Start of Block
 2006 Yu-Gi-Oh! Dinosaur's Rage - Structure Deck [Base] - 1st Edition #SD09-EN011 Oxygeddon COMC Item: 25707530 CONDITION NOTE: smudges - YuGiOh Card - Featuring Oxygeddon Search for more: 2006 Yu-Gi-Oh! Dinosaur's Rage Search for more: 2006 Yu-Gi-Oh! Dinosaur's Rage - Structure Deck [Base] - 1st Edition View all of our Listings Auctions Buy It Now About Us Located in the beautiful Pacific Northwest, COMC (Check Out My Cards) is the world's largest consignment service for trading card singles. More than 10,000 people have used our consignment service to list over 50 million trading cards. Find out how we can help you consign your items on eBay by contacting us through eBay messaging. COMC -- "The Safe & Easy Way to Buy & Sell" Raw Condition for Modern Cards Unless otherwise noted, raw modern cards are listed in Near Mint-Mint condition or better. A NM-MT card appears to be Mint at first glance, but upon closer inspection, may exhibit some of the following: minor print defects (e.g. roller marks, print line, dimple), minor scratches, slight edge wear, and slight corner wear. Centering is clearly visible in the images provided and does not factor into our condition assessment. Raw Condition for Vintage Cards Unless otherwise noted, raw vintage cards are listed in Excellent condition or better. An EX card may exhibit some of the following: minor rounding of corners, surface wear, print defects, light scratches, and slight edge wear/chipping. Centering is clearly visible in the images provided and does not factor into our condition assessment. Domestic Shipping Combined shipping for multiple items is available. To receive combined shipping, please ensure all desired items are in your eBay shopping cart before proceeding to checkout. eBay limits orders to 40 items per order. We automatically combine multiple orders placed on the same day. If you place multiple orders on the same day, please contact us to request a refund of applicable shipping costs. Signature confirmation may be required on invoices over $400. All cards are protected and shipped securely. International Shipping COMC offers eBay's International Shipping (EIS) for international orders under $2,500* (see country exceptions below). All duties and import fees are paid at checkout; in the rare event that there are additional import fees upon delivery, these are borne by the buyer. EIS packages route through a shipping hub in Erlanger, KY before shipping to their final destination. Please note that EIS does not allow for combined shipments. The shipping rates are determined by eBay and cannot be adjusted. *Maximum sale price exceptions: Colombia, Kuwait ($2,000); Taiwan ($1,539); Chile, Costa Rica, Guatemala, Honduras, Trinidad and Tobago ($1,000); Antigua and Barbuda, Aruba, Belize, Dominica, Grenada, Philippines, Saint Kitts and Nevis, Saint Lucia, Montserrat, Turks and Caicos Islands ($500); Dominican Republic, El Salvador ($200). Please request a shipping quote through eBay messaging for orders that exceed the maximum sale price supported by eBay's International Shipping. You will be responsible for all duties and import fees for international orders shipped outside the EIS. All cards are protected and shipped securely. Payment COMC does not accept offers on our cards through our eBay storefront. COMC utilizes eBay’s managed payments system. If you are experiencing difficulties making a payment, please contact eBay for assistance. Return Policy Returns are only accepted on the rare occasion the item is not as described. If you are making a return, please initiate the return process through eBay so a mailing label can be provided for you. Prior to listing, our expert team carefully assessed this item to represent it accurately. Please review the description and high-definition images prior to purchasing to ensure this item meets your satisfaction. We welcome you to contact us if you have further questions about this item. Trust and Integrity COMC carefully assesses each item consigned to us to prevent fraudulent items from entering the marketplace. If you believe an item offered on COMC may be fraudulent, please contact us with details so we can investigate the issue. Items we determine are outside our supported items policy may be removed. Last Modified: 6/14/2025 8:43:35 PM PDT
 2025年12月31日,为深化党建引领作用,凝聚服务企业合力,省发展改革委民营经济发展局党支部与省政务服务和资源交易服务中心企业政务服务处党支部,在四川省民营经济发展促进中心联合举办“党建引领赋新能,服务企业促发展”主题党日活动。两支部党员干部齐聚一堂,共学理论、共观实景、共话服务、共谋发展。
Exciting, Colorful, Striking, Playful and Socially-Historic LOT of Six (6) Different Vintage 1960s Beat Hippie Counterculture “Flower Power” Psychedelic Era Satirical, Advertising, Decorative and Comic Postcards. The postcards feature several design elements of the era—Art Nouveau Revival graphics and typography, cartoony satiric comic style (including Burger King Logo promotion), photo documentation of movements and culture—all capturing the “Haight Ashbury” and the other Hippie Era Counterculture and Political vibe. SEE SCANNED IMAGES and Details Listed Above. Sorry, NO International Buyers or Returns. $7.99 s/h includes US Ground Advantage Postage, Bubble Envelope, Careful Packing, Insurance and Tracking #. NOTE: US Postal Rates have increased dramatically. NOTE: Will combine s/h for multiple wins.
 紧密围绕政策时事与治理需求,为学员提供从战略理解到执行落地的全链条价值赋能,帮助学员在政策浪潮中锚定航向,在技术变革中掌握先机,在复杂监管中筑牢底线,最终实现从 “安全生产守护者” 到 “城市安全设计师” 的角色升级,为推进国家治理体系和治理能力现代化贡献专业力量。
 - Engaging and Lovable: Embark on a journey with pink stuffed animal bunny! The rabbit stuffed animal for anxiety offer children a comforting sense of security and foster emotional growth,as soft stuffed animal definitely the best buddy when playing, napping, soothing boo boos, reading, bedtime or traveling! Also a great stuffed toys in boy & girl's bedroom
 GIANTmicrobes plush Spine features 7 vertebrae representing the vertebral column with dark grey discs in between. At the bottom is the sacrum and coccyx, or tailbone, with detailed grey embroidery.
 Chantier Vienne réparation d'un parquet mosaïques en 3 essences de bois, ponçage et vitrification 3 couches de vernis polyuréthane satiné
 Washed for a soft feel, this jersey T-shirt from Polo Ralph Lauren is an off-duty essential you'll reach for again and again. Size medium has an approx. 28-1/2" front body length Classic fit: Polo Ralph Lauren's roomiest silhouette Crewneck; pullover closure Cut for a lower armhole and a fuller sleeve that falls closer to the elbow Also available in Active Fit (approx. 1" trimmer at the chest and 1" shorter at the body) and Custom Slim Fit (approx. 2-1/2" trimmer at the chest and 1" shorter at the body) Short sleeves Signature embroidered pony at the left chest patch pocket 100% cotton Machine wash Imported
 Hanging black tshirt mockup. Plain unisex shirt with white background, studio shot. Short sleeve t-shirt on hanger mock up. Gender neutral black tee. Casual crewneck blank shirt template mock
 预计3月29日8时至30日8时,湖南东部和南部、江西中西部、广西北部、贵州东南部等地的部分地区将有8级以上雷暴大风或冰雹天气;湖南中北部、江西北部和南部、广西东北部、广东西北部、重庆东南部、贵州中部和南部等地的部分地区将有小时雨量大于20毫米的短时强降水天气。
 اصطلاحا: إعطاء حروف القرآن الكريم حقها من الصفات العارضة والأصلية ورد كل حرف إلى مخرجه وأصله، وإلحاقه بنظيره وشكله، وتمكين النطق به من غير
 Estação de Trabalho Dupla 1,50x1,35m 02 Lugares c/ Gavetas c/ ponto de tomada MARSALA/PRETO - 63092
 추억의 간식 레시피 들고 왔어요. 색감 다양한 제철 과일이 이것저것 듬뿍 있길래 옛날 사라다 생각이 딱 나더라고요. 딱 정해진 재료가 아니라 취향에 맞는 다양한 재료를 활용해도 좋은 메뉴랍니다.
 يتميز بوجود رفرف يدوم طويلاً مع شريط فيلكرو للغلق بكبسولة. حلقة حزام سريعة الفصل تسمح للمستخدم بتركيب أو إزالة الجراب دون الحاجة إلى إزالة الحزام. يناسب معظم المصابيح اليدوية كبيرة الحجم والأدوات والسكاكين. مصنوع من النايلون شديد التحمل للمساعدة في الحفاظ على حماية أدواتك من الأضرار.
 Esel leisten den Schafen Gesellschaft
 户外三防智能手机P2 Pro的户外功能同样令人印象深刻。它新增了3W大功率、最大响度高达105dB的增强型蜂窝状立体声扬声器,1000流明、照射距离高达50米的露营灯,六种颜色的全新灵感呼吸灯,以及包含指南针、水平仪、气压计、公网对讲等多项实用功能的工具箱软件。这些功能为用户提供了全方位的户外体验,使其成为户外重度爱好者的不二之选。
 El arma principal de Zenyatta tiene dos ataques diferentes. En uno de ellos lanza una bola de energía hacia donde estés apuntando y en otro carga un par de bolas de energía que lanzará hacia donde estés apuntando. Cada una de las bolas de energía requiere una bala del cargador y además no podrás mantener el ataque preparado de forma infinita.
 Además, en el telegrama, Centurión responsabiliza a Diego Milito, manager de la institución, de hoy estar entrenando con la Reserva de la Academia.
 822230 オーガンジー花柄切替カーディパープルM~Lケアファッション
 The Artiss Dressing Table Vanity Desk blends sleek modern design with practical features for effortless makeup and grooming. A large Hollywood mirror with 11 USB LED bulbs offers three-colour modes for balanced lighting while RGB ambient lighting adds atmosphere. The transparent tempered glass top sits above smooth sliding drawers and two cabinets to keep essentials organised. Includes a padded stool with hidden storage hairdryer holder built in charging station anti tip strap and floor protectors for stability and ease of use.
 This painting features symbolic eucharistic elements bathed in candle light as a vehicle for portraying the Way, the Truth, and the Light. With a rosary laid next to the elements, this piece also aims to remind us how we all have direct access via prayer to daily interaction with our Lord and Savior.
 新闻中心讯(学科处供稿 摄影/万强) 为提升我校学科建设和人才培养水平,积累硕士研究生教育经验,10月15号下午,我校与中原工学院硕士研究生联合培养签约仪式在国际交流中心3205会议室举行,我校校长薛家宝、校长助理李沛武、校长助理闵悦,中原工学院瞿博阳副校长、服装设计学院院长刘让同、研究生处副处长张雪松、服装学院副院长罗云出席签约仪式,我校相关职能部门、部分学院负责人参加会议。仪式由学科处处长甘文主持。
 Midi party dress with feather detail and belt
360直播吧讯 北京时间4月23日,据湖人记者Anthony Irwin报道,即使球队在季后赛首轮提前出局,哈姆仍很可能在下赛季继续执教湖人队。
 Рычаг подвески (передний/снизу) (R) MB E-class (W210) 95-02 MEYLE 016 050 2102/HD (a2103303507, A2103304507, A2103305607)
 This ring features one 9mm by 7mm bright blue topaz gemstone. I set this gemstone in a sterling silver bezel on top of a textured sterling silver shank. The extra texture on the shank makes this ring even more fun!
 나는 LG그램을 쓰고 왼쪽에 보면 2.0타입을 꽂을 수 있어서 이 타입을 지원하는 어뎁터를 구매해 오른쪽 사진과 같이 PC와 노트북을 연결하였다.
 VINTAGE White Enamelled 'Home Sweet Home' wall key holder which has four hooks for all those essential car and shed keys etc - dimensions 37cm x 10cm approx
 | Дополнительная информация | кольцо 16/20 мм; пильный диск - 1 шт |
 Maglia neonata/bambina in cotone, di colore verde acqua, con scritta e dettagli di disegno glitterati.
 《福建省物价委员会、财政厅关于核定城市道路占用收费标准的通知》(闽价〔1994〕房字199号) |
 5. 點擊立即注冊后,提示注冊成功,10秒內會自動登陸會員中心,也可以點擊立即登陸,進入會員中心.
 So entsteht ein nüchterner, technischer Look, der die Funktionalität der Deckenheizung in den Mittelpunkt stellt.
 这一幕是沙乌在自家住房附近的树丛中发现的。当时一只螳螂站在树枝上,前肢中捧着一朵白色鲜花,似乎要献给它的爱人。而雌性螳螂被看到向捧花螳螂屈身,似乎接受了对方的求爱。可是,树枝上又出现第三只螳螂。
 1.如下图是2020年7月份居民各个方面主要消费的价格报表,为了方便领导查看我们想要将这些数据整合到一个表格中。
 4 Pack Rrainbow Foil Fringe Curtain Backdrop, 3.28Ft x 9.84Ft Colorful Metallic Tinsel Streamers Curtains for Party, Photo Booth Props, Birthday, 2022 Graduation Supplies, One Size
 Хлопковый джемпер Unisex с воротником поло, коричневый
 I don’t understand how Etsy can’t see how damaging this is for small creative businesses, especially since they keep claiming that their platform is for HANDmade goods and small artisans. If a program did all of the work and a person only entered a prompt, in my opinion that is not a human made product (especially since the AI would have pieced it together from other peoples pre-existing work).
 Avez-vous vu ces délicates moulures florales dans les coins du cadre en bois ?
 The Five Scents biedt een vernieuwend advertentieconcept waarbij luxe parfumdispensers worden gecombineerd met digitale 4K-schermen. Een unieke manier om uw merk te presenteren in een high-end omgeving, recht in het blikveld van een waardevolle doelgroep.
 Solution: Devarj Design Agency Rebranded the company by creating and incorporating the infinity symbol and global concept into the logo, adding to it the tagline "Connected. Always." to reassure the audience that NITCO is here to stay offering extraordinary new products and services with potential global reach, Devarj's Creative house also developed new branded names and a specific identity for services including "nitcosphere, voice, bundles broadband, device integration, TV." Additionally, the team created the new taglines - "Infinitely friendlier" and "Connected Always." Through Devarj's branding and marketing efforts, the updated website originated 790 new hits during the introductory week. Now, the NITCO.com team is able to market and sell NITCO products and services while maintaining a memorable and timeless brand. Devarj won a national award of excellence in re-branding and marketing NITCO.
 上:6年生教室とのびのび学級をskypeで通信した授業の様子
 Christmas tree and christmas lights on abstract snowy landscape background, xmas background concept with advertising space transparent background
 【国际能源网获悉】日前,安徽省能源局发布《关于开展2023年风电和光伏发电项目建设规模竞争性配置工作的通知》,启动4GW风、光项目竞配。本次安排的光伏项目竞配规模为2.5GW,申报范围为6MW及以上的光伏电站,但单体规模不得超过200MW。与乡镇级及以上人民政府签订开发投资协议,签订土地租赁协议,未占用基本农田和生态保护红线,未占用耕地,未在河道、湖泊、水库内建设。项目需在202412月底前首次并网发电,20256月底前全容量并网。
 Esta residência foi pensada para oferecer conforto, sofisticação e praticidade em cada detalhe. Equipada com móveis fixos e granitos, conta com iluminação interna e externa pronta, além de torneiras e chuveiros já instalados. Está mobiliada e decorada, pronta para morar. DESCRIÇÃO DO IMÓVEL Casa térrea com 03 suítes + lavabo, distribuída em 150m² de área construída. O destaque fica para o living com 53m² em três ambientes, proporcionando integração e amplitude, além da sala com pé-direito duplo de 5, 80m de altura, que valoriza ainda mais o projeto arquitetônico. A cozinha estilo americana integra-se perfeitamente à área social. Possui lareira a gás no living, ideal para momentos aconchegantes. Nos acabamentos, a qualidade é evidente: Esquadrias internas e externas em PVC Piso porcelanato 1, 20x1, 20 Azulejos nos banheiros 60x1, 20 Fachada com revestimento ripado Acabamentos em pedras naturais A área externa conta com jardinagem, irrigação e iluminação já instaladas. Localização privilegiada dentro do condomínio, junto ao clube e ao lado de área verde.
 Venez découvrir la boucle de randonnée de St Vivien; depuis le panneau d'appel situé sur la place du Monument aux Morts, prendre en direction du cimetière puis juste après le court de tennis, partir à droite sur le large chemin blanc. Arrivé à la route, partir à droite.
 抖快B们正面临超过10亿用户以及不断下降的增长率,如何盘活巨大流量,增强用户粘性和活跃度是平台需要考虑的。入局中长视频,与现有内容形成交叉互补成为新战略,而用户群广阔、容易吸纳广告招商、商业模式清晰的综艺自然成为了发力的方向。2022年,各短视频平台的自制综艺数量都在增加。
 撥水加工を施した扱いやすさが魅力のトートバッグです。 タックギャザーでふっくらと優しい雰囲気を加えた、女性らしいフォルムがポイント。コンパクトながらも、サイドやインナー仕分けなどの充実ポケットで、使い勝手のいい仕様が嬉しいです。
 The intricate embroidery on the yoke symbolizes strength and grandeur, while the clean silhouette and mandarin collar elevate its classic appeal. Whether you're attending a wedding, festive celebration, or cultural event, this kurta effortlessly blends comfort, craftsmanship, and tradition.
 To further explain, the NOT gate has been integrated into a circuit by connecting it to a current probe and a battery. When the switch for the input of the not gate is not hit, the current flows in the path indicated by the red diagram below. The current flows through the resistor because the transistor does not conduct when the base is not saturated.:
End of Block
Instructions to follow:
For this task, write out exactly the lines of the entries above, starting at the line with "这一幕是沙乌在自家住房附近的" and ending at the line with "Хлопковый джемпер Unisex", both included, and no others.

Task result:
 这一幕是沙乌在自家住房附近的树丛中发现的。当时一只螳螂站在树枝上,前肢中捧着一朵白色鲜花,似乎要献给它的爱人。而雌性螳螂被看到向捧花螳螂屈身,似乎接受了对方的求爱。可是,树枝上又出现第三只螳螂。
 1.如下图是2020年7月份居民各个方面主要消费的价格报表,为了方便领导查看我们想要将这些数据整合到一个表格中。
 4 Pack Rrainbow Foil Fringe Curtain Backdrop, 3.28Ft x 9.84Ft Colorful Metallic Tinsel Streamers Curtains for Party, Photo Booth Props, Birthday, 2022 Graduation Supplies, One Size
 Хлопковый джемпер Unisex с воротником поло, коричневый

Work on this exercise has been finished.